**DATA EXCERPT**
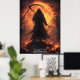 Standing tall before a blood-orange moon, the Midnight Harvester emerges cloaked in shadows and smoke, wielding a scythe forged from ancient fear. Surrounded by haunted pumpkins and scorched ruins, this ghostly reaper watches in silence, a sentinel of Halloween's darkest hour. A chilling tribute to the spirit of eerie nights and forgotten souls.
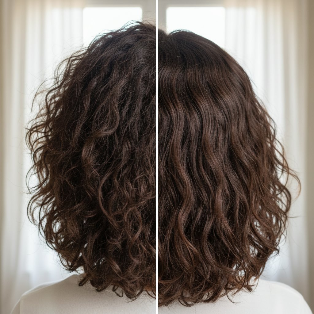 Before: Frizzy, undefined curls. After: Enhanced curl definition and reduced frizz, courtesy of shea butter.
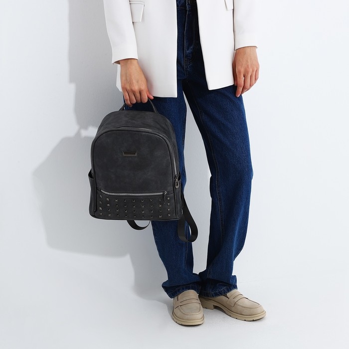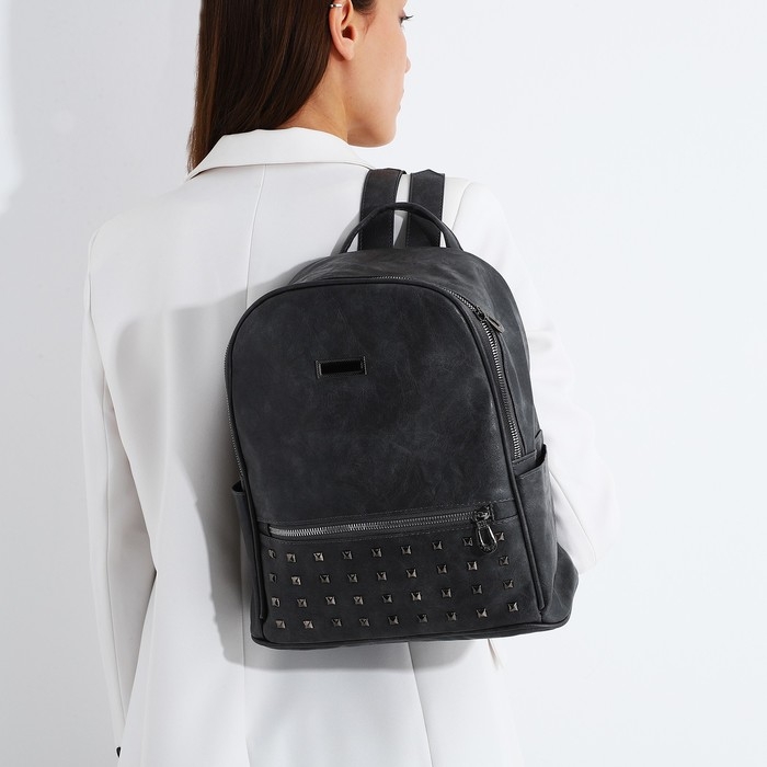 Рюкзак женский из искусственной кожи на молнии, 1 карман, цвет серый
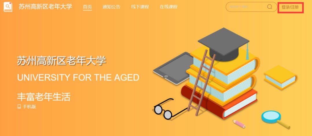 2.登陆“苏州高新区老年大学”报名平台,在右上角点击“登陆/注册”按钮注册学员信息。

**WORK TASK**
Drop the images and repeat the data exactly.

**RESPONSE BOX**
 Standing tall before a blood-orange moon, the Midnight Harvester emerges cloaked in shadows and smoke, wielding a scythe forged from ancient fear. Surrounded by haunted pumpkins and scorched ruins, this ghostly reaper watches in silence, a sentinel of Halloween's darkest hour. A chilling tribute to the spirit of eerie nights and forgotten souls.
 Before: Frizzy, undefined curls. After: Enhanced curl definition and reduced frizz, courtesy of shea butter.
 Рюкзак женский из искусственной кожи на молнии, 1 карман, цвет серый
 2.登陆“苏州高新区老年大学”报名平台,在右上角点击“登陆/注册”按钮注册学员信息。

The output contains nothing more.